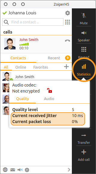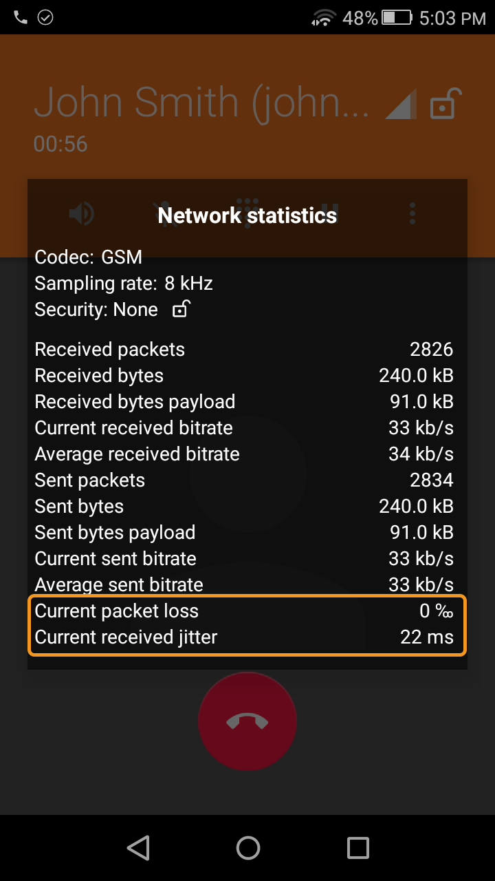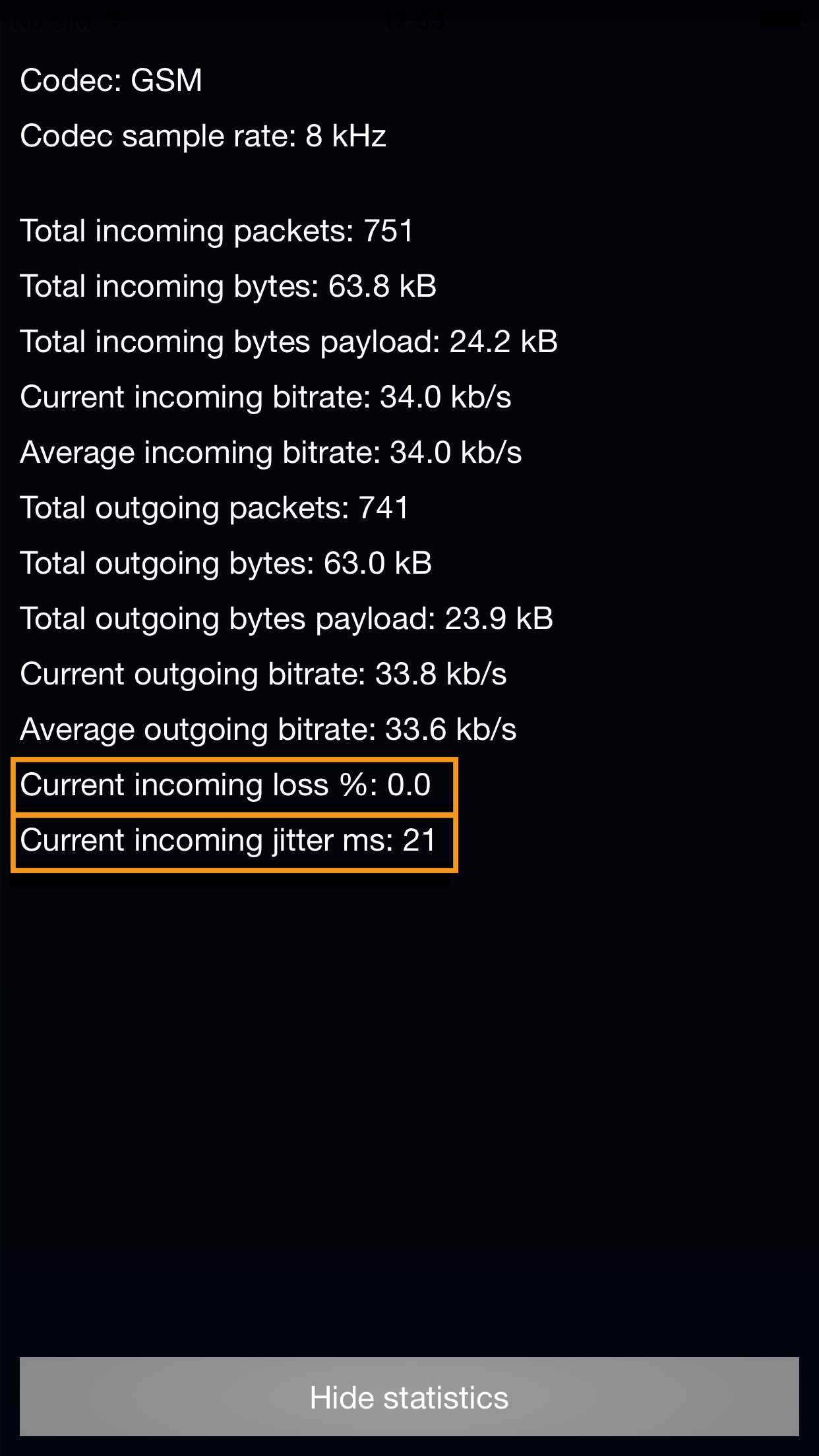 The easiest way to see if you are affected by poor network quality is by checking the RTCP statistics during an active call.
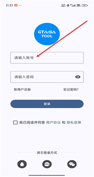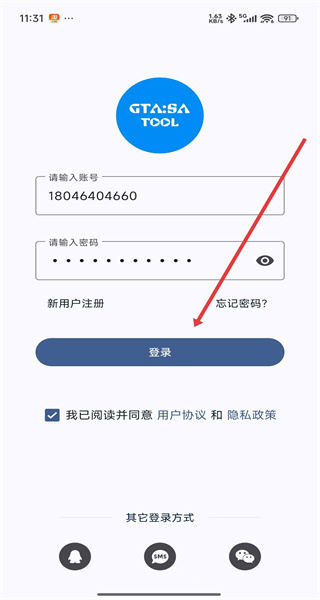 3、登錄界面輸入賬號和密碼,勾選“我已閱讀并同意用戶協議和隱私政策”。
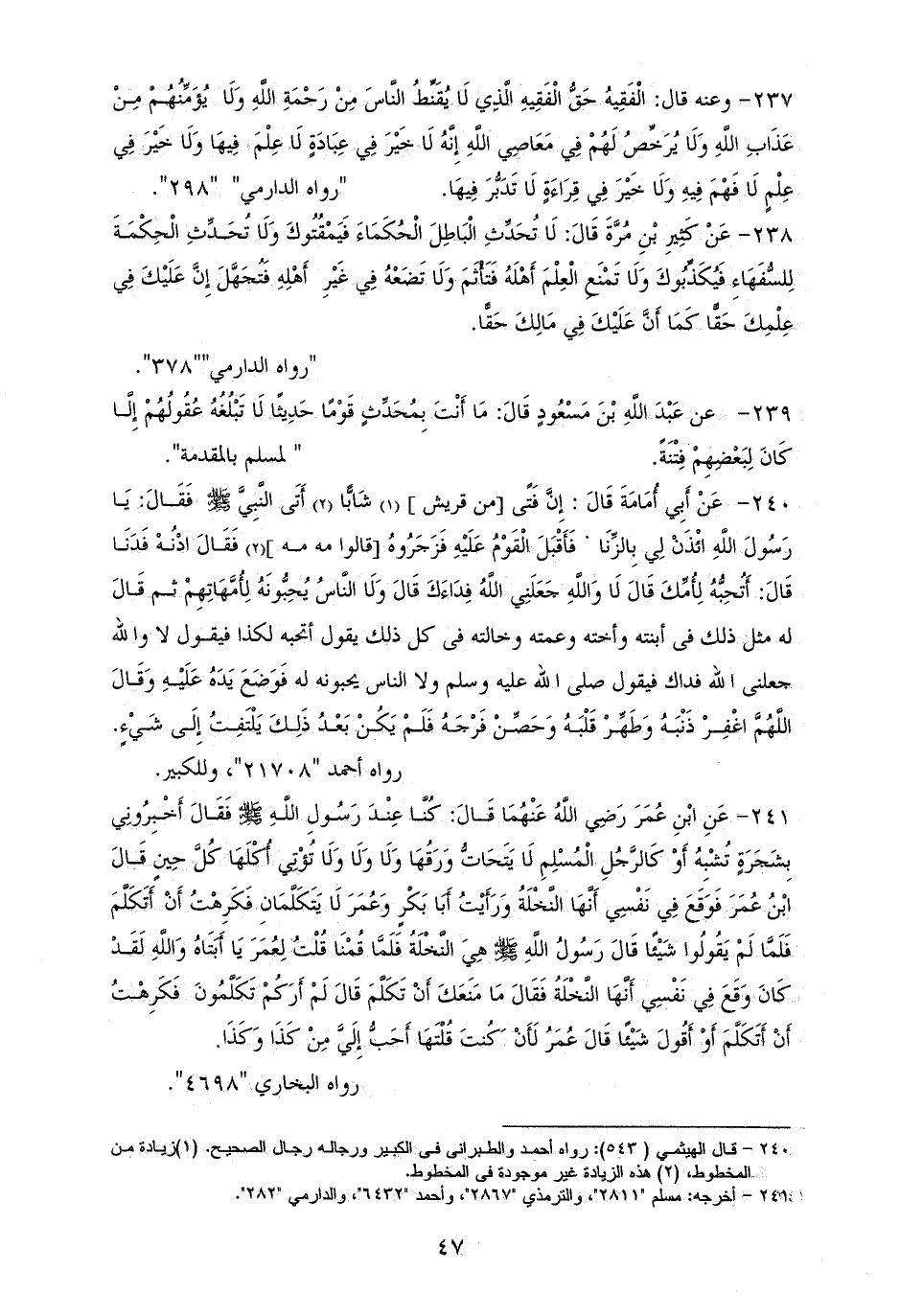238 - كَثِيرِ بْنِ مُرَّةَ قَالَ: لَا تُحَدِّثِ الْبَاطِلَ للحُكَمَاءَ فَيَمْقُتُوكَ، وَلَا تُحَدِّثِ الْحِكْمَةَ لِلسُّفَهَاءِ فَيُكَذِّبُوكَ، وَلَا تَمْنَعِ الْعِلْمَ أَهْلَهُ فَتَأْثَمَ، وَلَا تَضَعْهُ فِي غَيْرِ أَهْلِهِ فَتُجَهَّلَ، إِنَّ عَلَيْكَ فِي عِلْمِكَ حَقًّا كَمَا أَنَّ عَلَيْكَ فِي مَالِكَ حَقًّا. هما للدارمي (¬1).
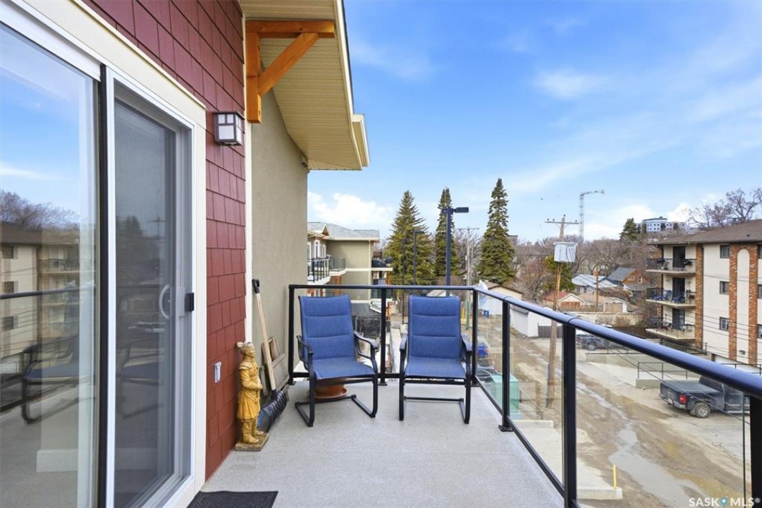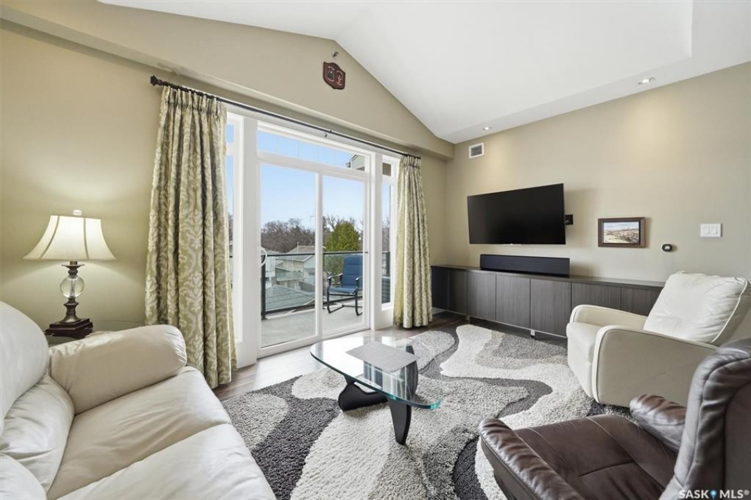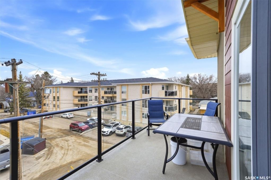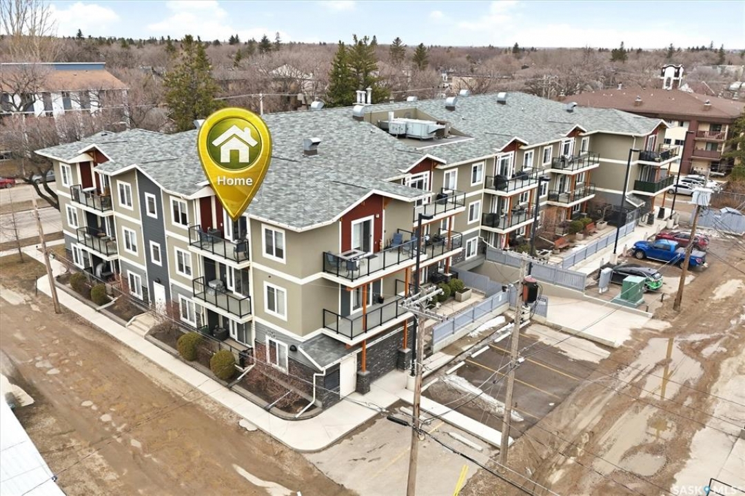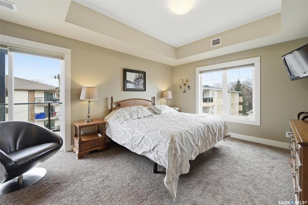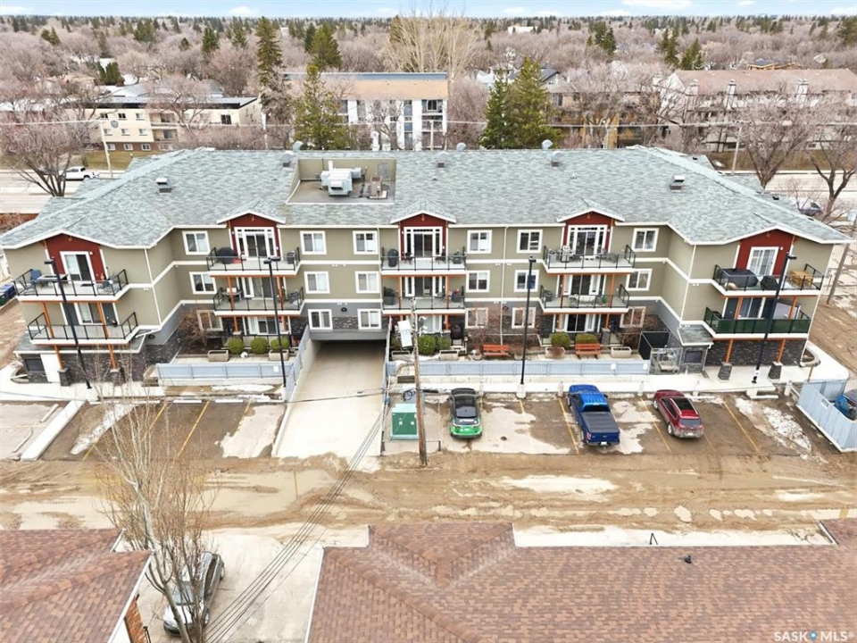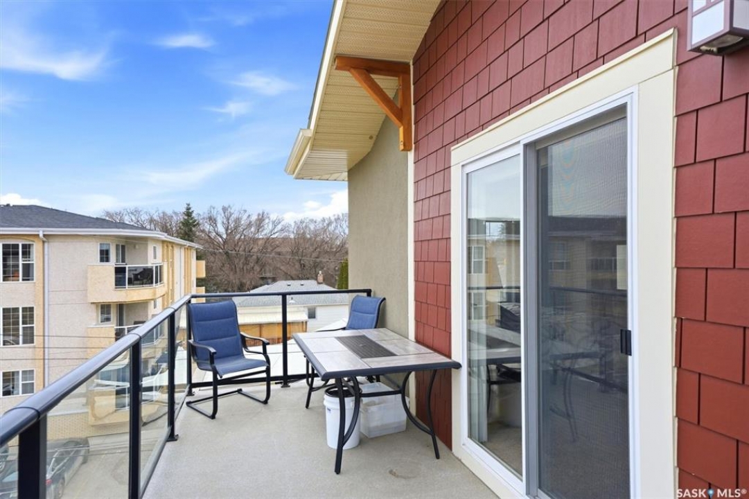 Welcome to “The Vestel” on 8th Street, where elevated condo living meets the vibrant Broadway lifestyle. Ideally located between Dufferin and Lansdowne, this well-maintained and professionally managed building offers exceptional walkability: just a 10-minute walk to the Broadway Bridge and 20 minutes to Midtown Plaza, with easy access to restaurants, coffee shops, schools, and everyday amenities. This top-floor corner unit features 1,132 sq ft of thoughtfully designed living space with 2 bedrooms and 2 bathrooms, highlighted by soaring peaked ceilings and an abundance of natural light that create a bright, open feel throughout. A standout feature of this home is the extensive custom built-in cabinetry, with over $10,000 invested in beautifully matched millwork that seamlessly integrates with the kitchen while providing exceptional storage and functionality, along with a dedicated water filtration system and drinking water tap for added convenience. Enjoy outdoor living with two spacious private balconies, one featuring natural gas hookups, while also enjoying access to a shared common-area patio perfect for gathering and relaxing. Additional features include three titled parking stalls, with two underground and one surface stall, an underground storage unit, central air conditioning, in-suite laundry, elevator access, and a heated concrete ramp to the underground parkade for added year-round comfort. The building also features pressurized hallways, which help reduce noise transfer and contain cooking odors within each suite, contributing to a quieter and more comfortable living environment. The complex is very well maintained and self managed, with owners who take pride in the building, creating a strong sense of community. This is a rare opportunity to own a spacious, top-floor condo with premium features in one of Saskatoon's most walkable and desirable locations.

→ EXERCISE AIM
Would you please reproduce verbatim the run of lines that opens the listing and ends with the line holding "238 - كَثِيرِ", and only that run, leaving every picture out?

→ REPLY
 The easiest way to see if you are affected by poor network quality is by checking the RTCP statistics during an active call.
 3、登錄界面輸入賬號和密碼,勾選“我已閱讀并同意用戶協議和隱私政策”。
238 - كَثِيرِ بْنِ مُرَّةَ قَالَ: لَا تُحَدِّثِ الْبَاطِلَ للحُكَمَاءَ فَيَمْقُتُوكَ، وَلَا تُحَدِّثِ الْحِكْمَةَ لِلسُّفَهَاءِ فَيُكَذِّبُوكَ، وَلَا تَمْنَعِ الْعِلْمَ أَهْلَهُ فَتَأْثَمَ، وَلَا تَضَعْهُ فِي غَيْرِ أَهْلِهِ فَتُجَهَّلَ، إِنَّ عَلَيْكَ فِي عِلْمِكَ حَقًّا كَمَا أَنَّ عَلَيْكَ فِي مَالِكَ حَقًّا. هما للدارمي (¬1).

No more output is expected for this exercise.